Sabemos que a economia vai sofrer, o desemprego aumentar, o que, tendo consequências no plano individual, também o terá no plano das atividades sociais, entre as quais o desporto.

O que sucederá será um mundo com novas assimetrias, que gerará novas desigualdades, evidenciando, uma vez mais, que num contexto de crise ela não vai tocar a todos da mesma maneira.

O desporto vai sofrer um forte abalo. Já o está a sofrer. Num primeiro tempo confinou-nos. E conectou o exercício em casa, acelerando a digitalização das nossas vidas. Depois pudemos sair para nos mexermos. E progressivamente para retomar as atividades de grupo. Sem toque, sem máscara, mas com distanciamento. A partir daqui não sabemos. O desafio é esse: o de retomar progressivamente as atividades num quadro sanitário severo e que parece pouco disposto a abrandar.

Tal como no plano individual, em que a condição social de cada um determinará os meios de combater a situação, também no desporto não há uma resposta única. Nem todas as modalidades desportivas têm as mesmas características e os mesmos meios para fazer face a esta nova situação. E o que o vale para as modalidades desportivas aplica-se aos clubes e coletividades desportivas.

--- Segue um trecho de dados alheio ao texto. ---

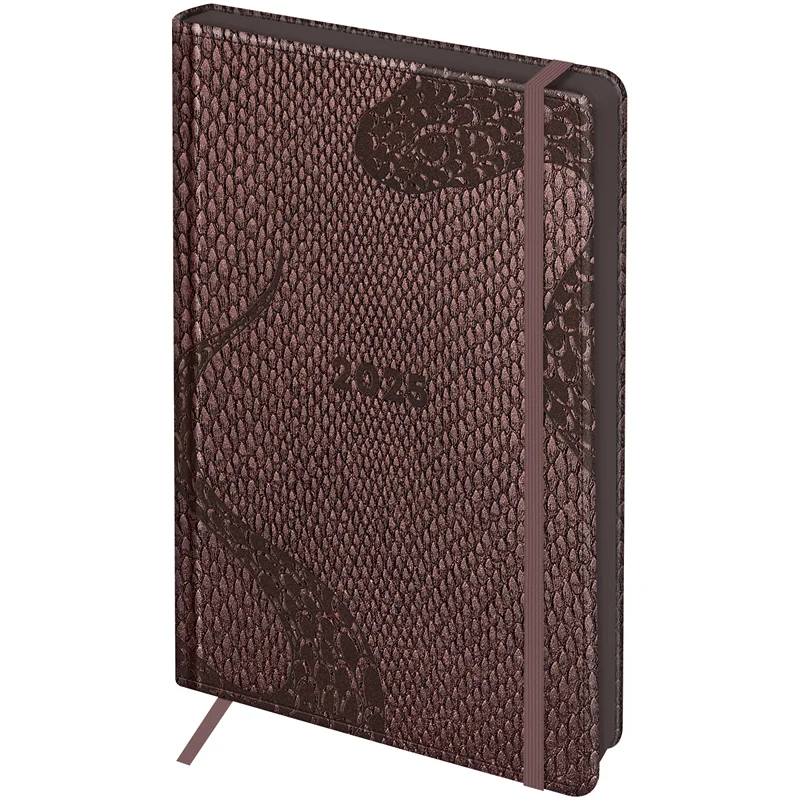 Ежедневник датированный на 2025 BG 'Pythone' – это не только практичный помощник, но и стильный аксессуар. Тиснение с символом года – змеёй – на имитированной под рептилию экокоже смотрится лаконично. Такое изделие подчеркнёт статус и изысканный вкус владельца.

Uma coisa é certa: não foi possível evitar a paragem de um número muito significativo de atletas e de modalidades, com competições canceladas ou adiadas, ginásios e espaços de treino encerrados e restrições de mobilidade que inibem ou eliminam a possibilidade da prática desportiva regular, o que terá um efeito severo sobre o nosso sistema desportivo, num país com baixos indicadores de prática desportiva federada e assentes numa economia associativa frágil.

A retoma da prática desportiva é uma das principais preocupações de todos os intervenientes do movimento associativo desportivo, mas o problema mais premente que o sistema desportivo atravessa no cumprimento da missão que os poderes públicos lhe confiam em prover o direito constitucional ao desporto é, precisamente, o risco da sua sustentabilidade, agravado pela total ausência de medidas de apoio urgentes extraordinárias para o mitigar, ao contrário do que tem ocorrido na generalidade dos países europeus.

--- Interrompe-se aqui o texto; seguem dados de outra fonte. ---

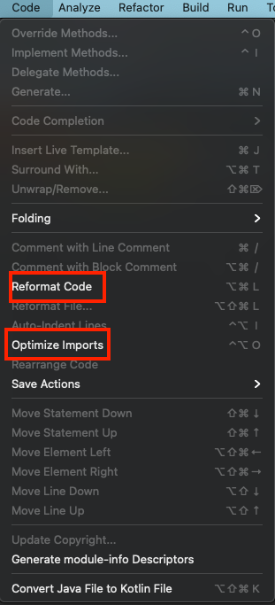 - Code > Reformat Code, Optimize Imports

Importa, por isso, estarmos focados na absoluta necessidade de defender a sustentabilidade do desporto em contexto de pandemia, protegendo um bem público e a sua importância social.

Todos nós - poderes públicos e desportivos -, devemos encontrar mecanismos solidários, designadamente para ajudar clubes e associações desportivas de base que são os que mais sofrem com a situação que estamos a viver.

Ser capazes de superar o momento, encontrando a motivação necessária para retomar a normalidade das nossas vidas e defender o desporto, é o grande desafio que temos pela frente nestes tempos difíceis que vivemos.